● **Exercise prompt**
Repeat, exactly as written, the lines from the one with "урока-турнир в 10-м" to the final line of the listing, and keep every picture out.

● **Material provided**

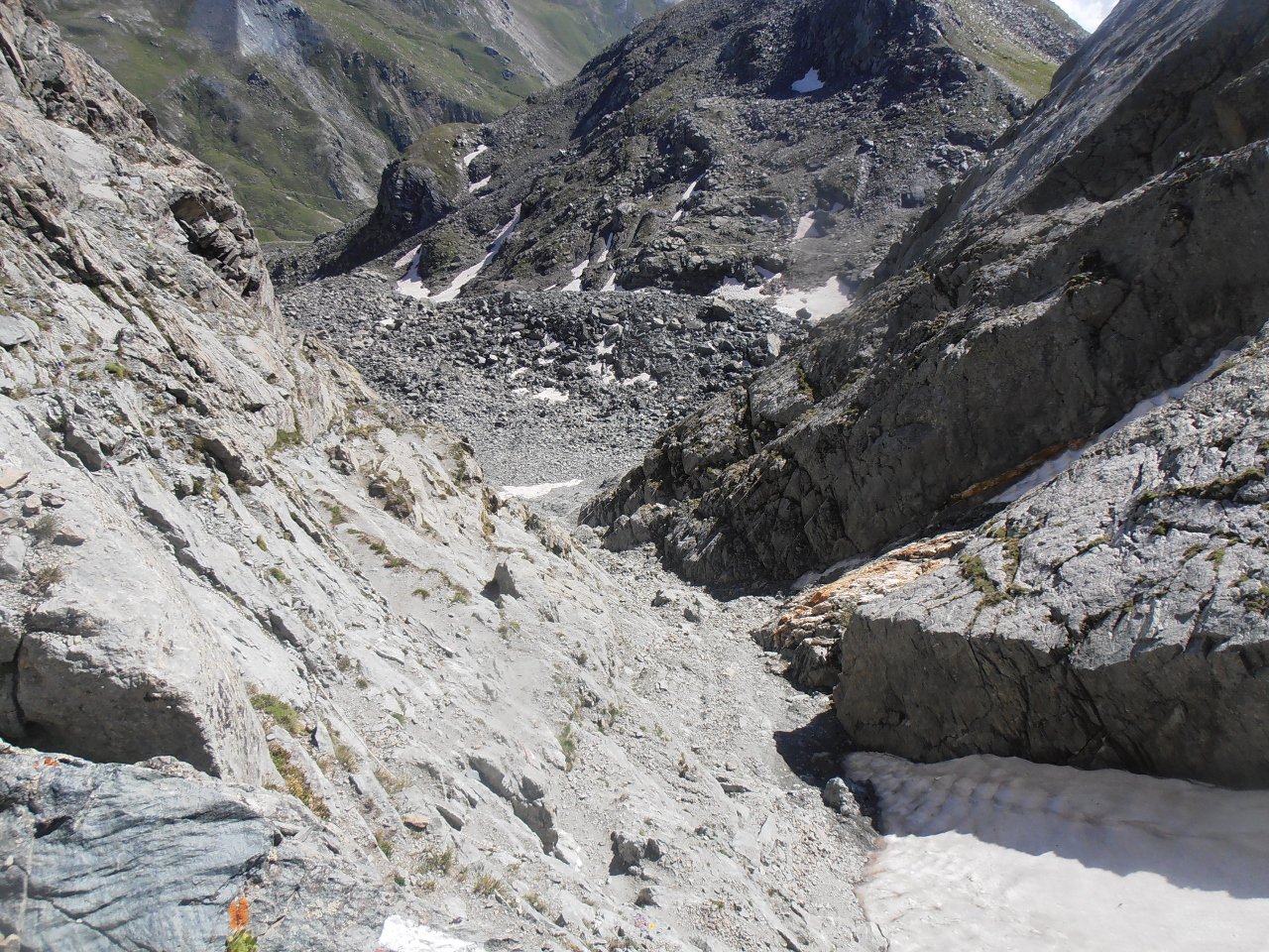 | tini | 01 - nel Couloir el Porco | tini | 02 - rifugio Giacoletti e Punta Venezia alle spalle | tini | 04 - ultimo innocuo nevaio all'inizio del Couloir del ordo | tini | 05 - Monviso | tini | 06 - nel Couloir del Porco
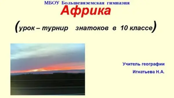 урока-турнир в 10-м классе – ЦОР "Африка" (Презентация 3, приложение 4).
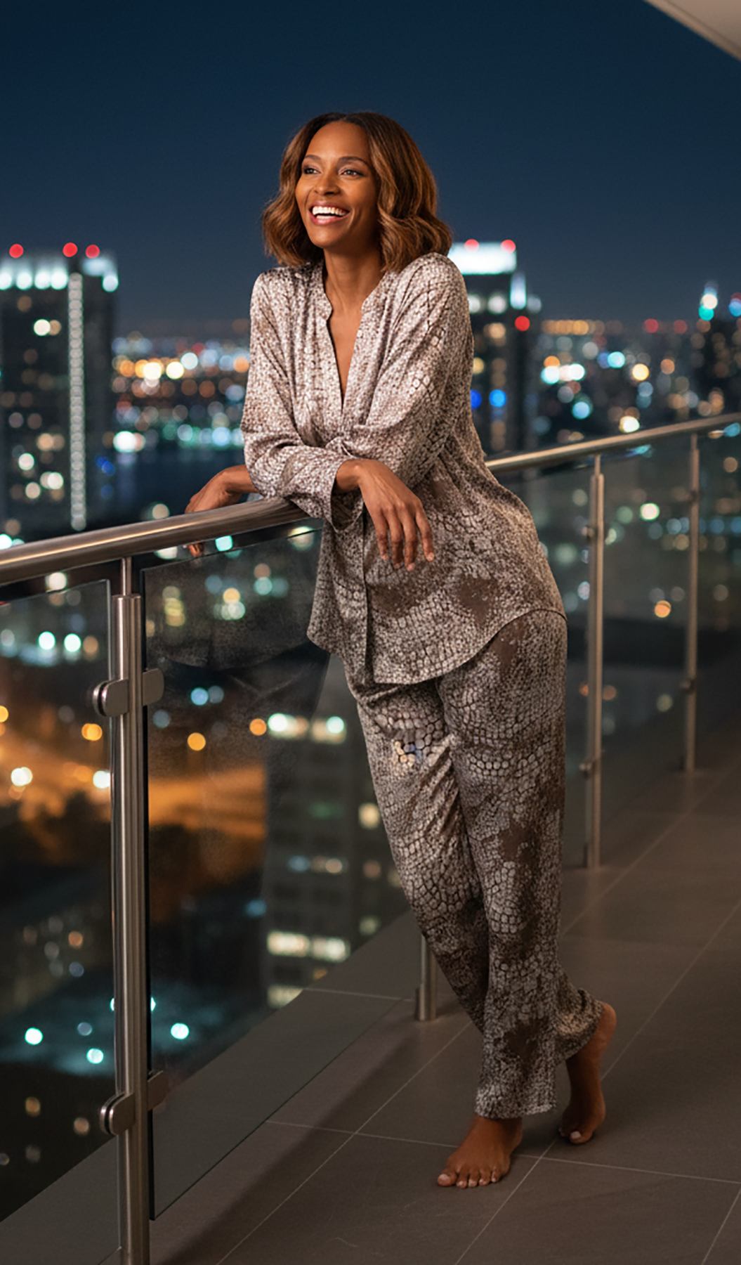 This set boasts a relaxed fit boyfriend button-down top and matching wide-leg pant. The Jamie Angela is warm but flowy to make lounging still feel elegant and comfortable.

● **Your solution**
 урока-турнир в 10-м классе – ЦОР "Африка" (Презентация 3, приложение 4).
 This set boasts a relaxed fit boyfriend button-down top and matching wide-leg pant. The Jamie Angela is warm but flowy to make lounging still feel elegant and comfortable.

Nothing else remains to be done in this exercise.